Moreover, since creating the “Chair Phyllis J. Randall” Facebook page, Defendant has used it as a tool of governance. The page is, for example, one of two preferred means by which Defendant holds “back and forth constituent conversations.”… In that capacity the “Chair Phyllis J. Randall” Facebook page has, among other things, facilitated Defendant’s coordination of disaster relief efforts after a storm… and Defendant’s efforts to aid a constituent’s daughter seeking to study abroad…. Defendant has further used the page to solicit participation in the “Commission on Women and Girls” – an initiative Defendant runs out of her office…– and to promote and invite attendance at events related to her work as Chair…. And, most frequently, Defendant has used the page to keep her constituents abreast of her activities as Chair and of important events in local government [Judge James C. Cacheris, Memorandum of Decision, Davison v. Loudoun County Board of Supervisors, U.S. District Court, Eastern District of Virginia, 2017.07.25].

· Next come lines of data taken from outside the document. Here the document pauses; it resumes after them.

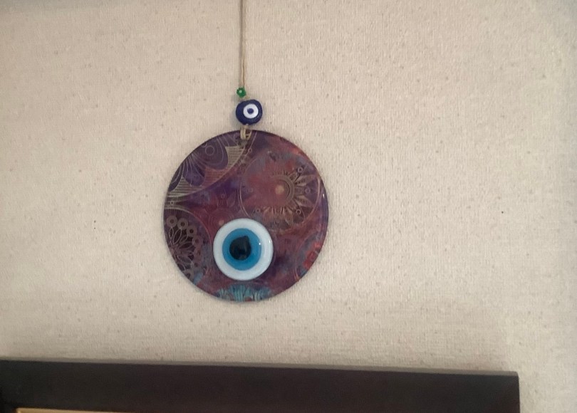 魔除けもしてる。トルコのナザールボンジュウだぞおおお〜〜
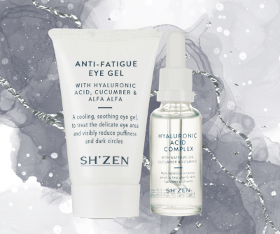 Sh’zen Anti-Fatigue Eye Gel is a cooling, soothing gel with Hyaluronic Acid, which plumps up eye contours and reduces puffiness and dark circles. R355. The Hyaluronic Acid Complex is a multi-beneficial corrective serum which targets fine lines, dullness and dehydration. R499 from sh-zen.co.za
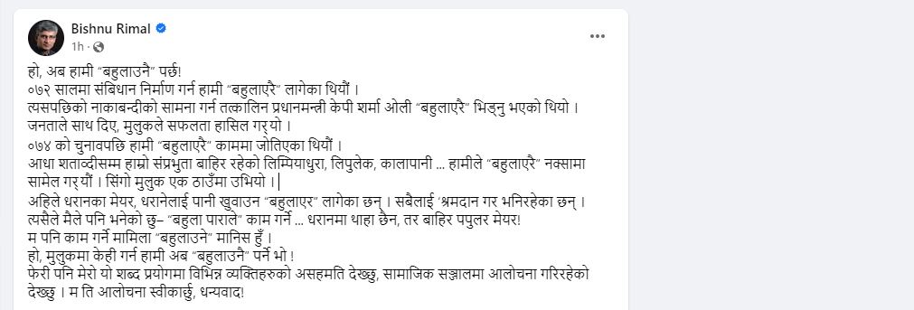 सबैलाई ‘श्रमदान गर भनिरहेका छन् । त्यसैले मैले पनि भनेको छु– “बहुला पाराले” काम गर्ने … धरानमा थाहा छैन, तर बाहिर पपुलर मेयर! म पनि काम गर्ने मामिला “बहुलाउने” मानिस हुँ । हो, मुलुकमा केही गर्न हामी अब “बहुलाउनै” पर्ने भो ! फेरी पनि मेरो यो शब्द प्रयोगमा विभिन्न व्यक्तिहरुको असहमति देख्छु, सामाजिक सञ्जालमा आलोचना गरिरहेको देख्छु । म ति आलोचना स्वीकार्छु, धन्यवाद !
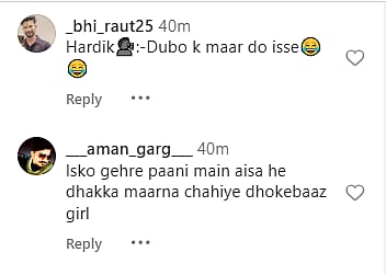 Some users stated that Hardik is having a watch on the two, while others slammed Alex for posting such a video. One of the users wrote, "Hardik watching from another account."
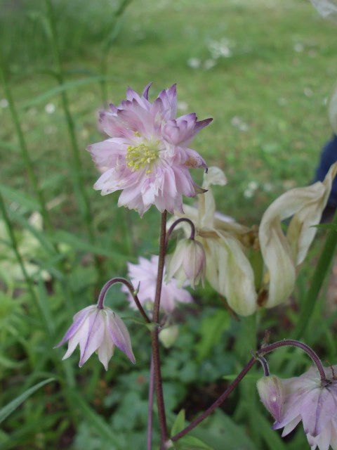 Letztens hab ich noch von mir selbst gesäte Akeleien umgesiedelt, weil sie dort an ihrem alten Standort hinter dem riesigen Wurmfarn einfach nicht zur Geltung kamen. Sie hatten zwar bereits Blüten, aber da ich gleich gegossen hatte, ging's ihnen auch nach kurzer Zeit wieder gut. Unter den Umsiedlern ist auch meine zweifarbige (innen hell, außen dunkelpink), um die es mir bei der Aussaat eigentlich ging.
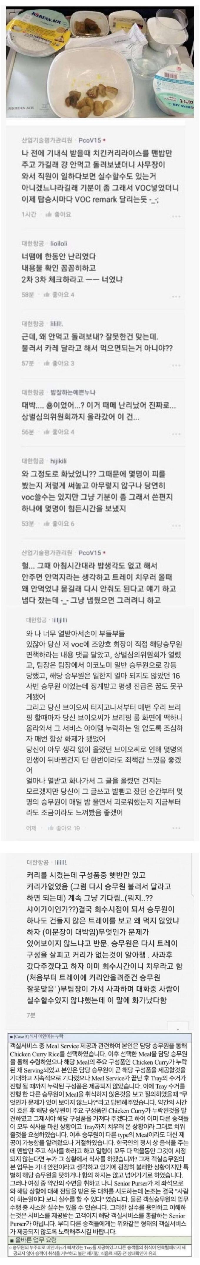 대한항공 비행기 기내식 레전드 실화
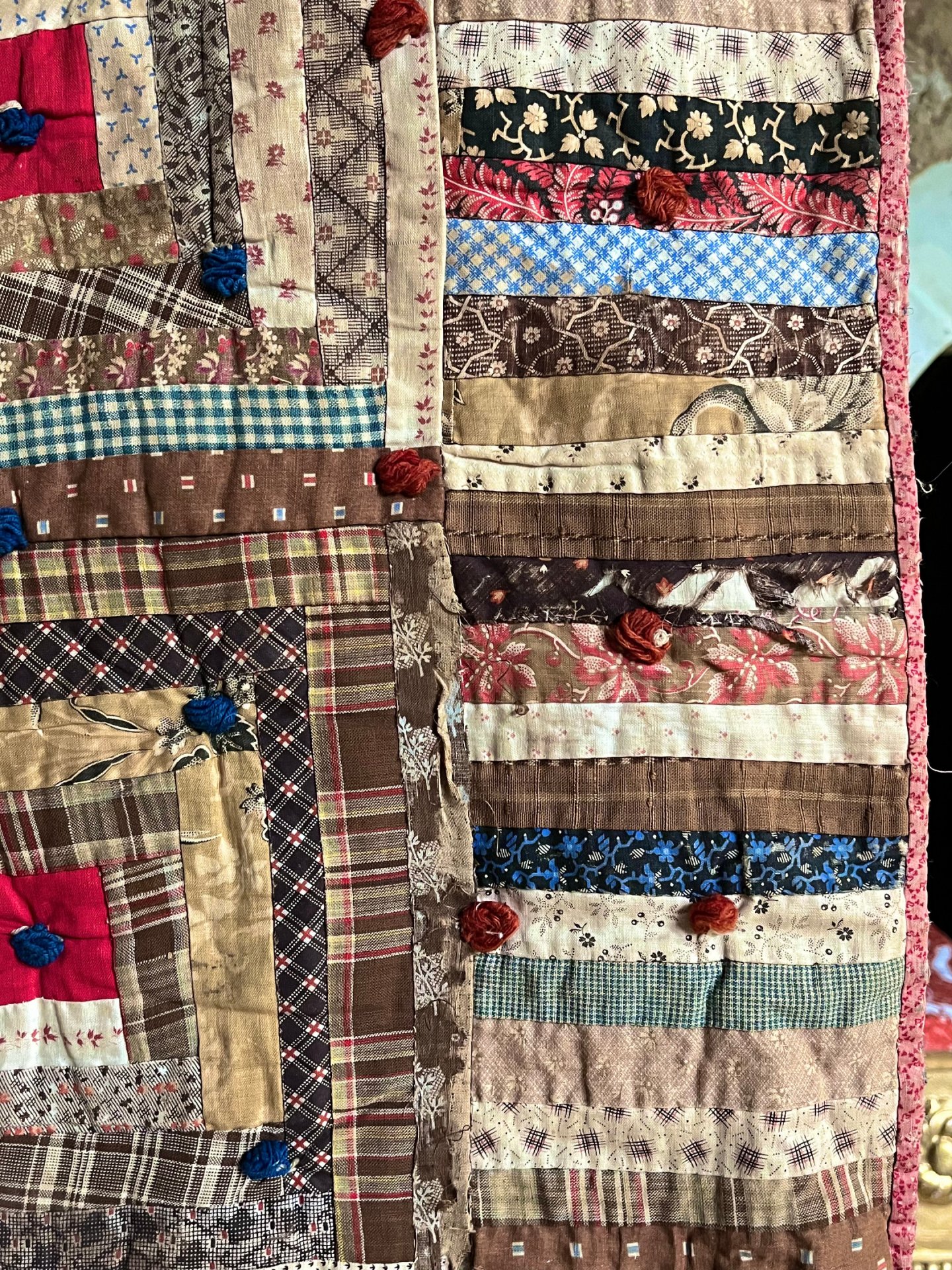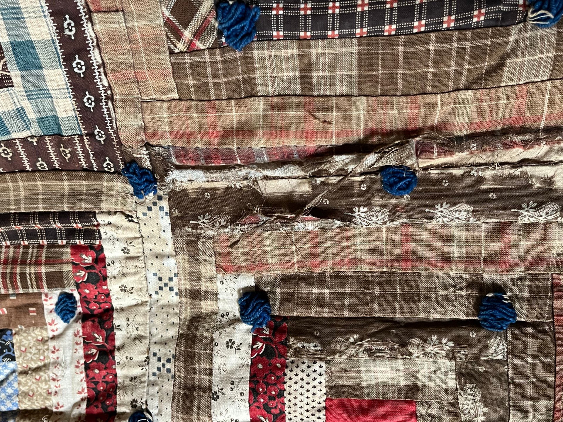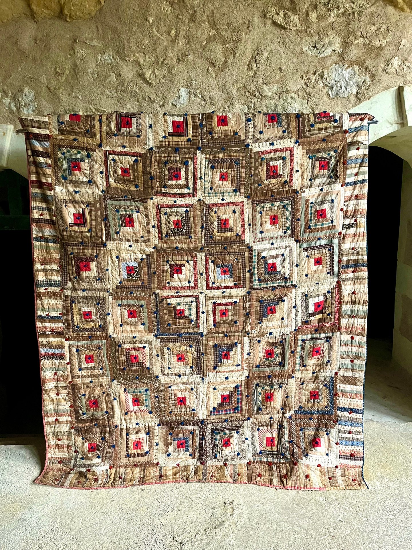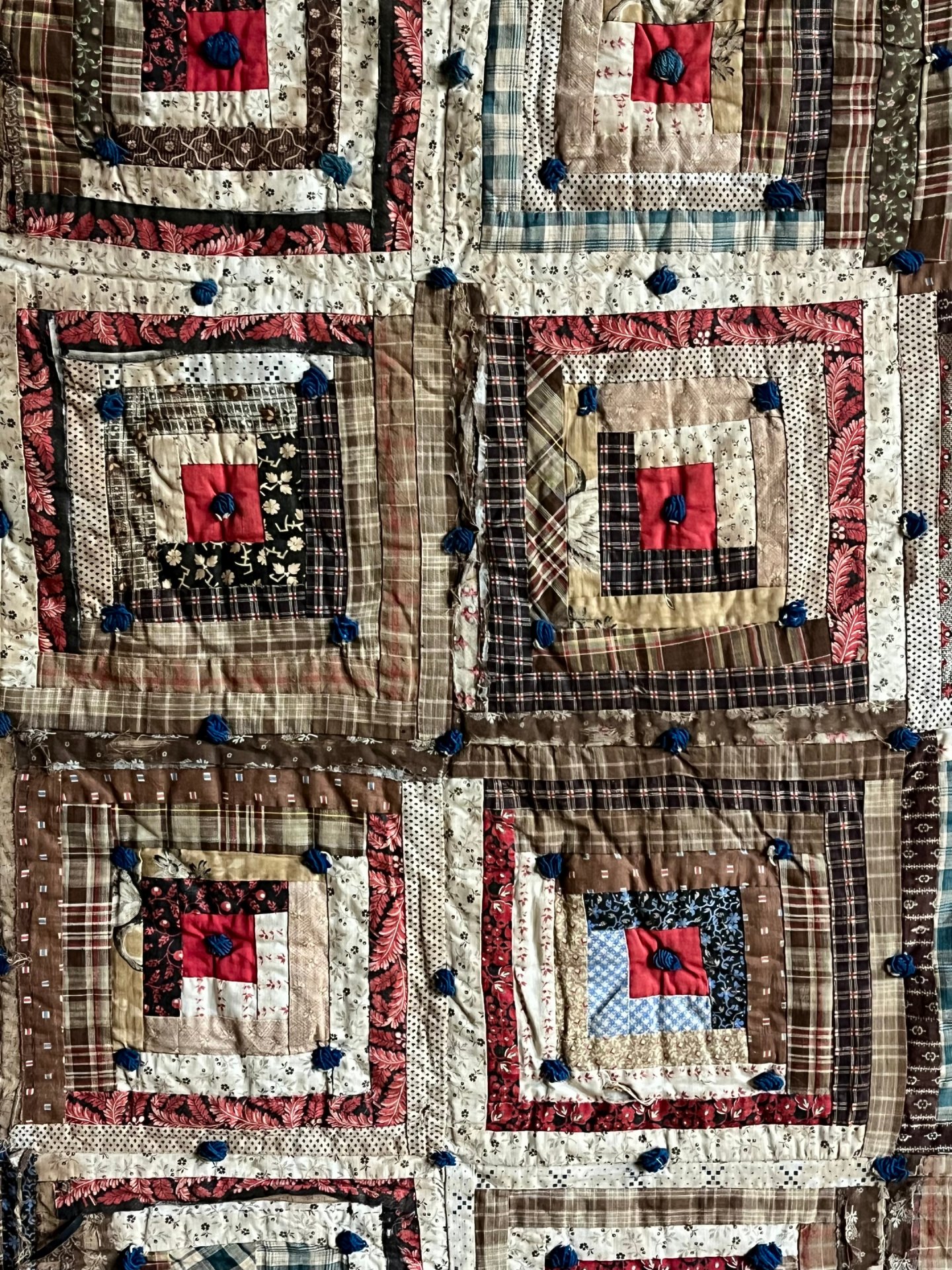 Remarquable quilt américain , Log Cabin , circa 1860 , originaire d’un état de la nouvelle Angleterre , Pennsylvanie ou Connecticut .
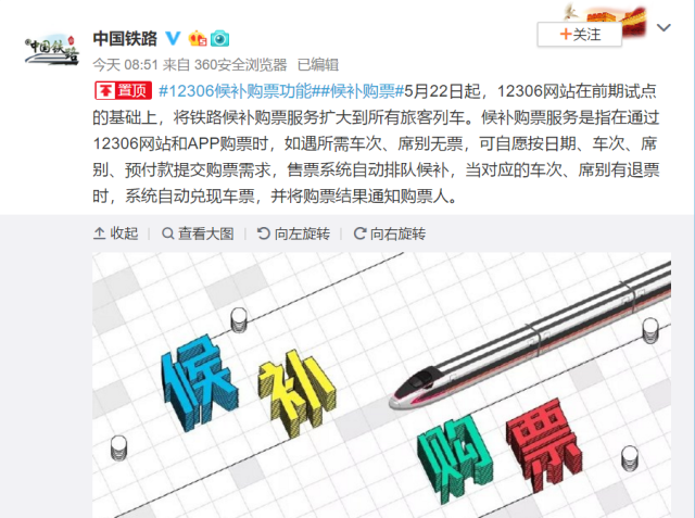 三言财经 5月22日消息,12306网站22日起将铁路候补购票服务扩大到所有旅客列车。当旅客查询到没有余票时,可根据需求选择相应车次、席别对应的“候补”区域进行候补购票。候补购票功能不收取额外费用,每名用户可提交1个候补订单、选择2个相邻的乘车日期、预订3张车票。
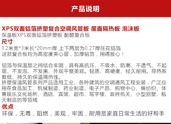 商品描述:20MM×3M×1.2M(红色) 双面铝箔挤塑风板 10张/件 商品代码19101
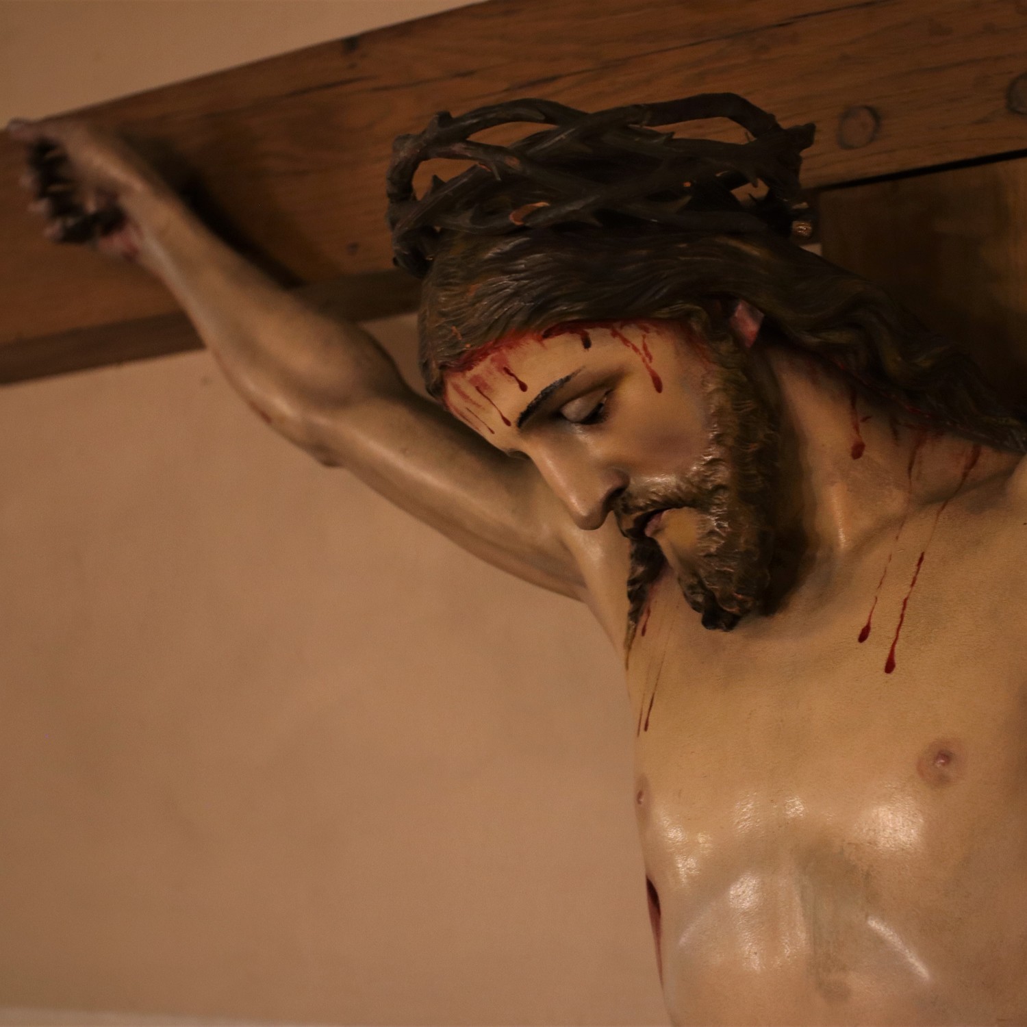 Das Holzkreuz mit dem Gekreuzigten weißt eine naturalistische Darstellung des 19. Jahrhunderts auf.
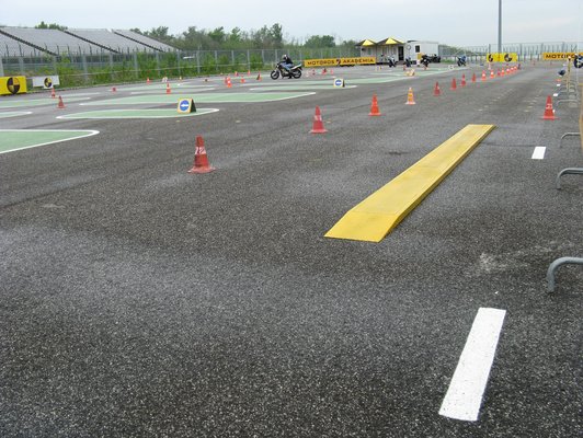 A gyakorlati részeket elképesztően jól kitalálták. Van egy külső kör a pályán, mindenféle trükkökkel, szűk és tágasabb szlalommal, körforgalommal, szűk folyosóval, lépésben poroszkálással – a belső részen pedig az épp aktuális gyakorlat – mondjuk fékezgetés, szűk forduló – megy. Így sorban állás helyett a többi motor körözhet, nem kell unatkozni, kiváló ötlet. Egyre azonban vigyázni érdemes: ha egy GSX-R kerül eléd a sorban, az tuti agyonvágja a szűk szlalomodat, mert alig bír elfordulni a szűk helyen. Érdemes hát jól helyezkedni, vagy megtanulni láblerakás nélkül várakozni. Ezt később még triálmotorral is kipróbálhattuk.

Since Randall operated her Facebook page “under color of state law,” the court found that in blocking Davison, Randall censored protected speech:

…When one creates a Facebook page, one generally opens a digital space for the exchange of ideas and information…. Defendant did so here, deliberately permitting public comment on her “Chair Phyllis J. Randall” Facebook page…. In practice, Defendant has allowed virtually unfettered discussion on that page…. Indeed, Defendant has affirmatively solicited comments from her constituents…. This sort of governmental “designation of a place or channel of communication for use by the public” is more than sufficient to create a forum for speech….

…If the Supreme Court’s First Amendment jurisprudence makes anything clear, it is that speech may not be disfavored by the government simply because it offends…. Here, as discussed above, Defendant acted in her governmental capacity. Defendant’s offense at Plaintiff’s views was therefore an illegitimate basis for her actions – particularly given that Plaintiff earned Defendant’s ire by criticizing the County government. Indeed, the suppression of critical commentary regarding elected officials is the quintessential form of viewpoint discrimination against which the First Amendment guards…. By prohibiting Plaintiff from participating in her online forum because she took offense at his claim that her colleagues in the County [Cacheris, 2017.07.25].

Senator Rounds created his verified Twitter account in January 2015, when he took office in the U.S. Senate. @SenatorRounds is the second social media link listed on Senator Rounds’s official U.S. Senate website. This Twitter feed includes numerous updates on official action in the Senate and its committees, plus photos of constituents who visit the Senator in his official capacity in Washington and occasional warm fuzzies to the folks back home. @SenatorRounds looks very much like a social media account that would not exist absent Mike Rounds’s official government position. The logic of Davison v. Loudoun would lead us to conclude that blocking Twitter users from @SenatorRounds based on offense or disagreement with political positions (like the endorsement of Donald Trump for President) is unconstitutional.

Davison v. Loudoun has obvious implications for complaints and lawsuits against Donald Trump for blocking Americans from following his overheated Twitter account. Trump’s Tweeting predates his occupation of public office by almost eight years; however, as Vox notes, his use of that account for public purposes like announcing the firing of his chief of staff and declaring a ban on transgender soldiers will make it easier for users he has blocked to prevail in legal action against him.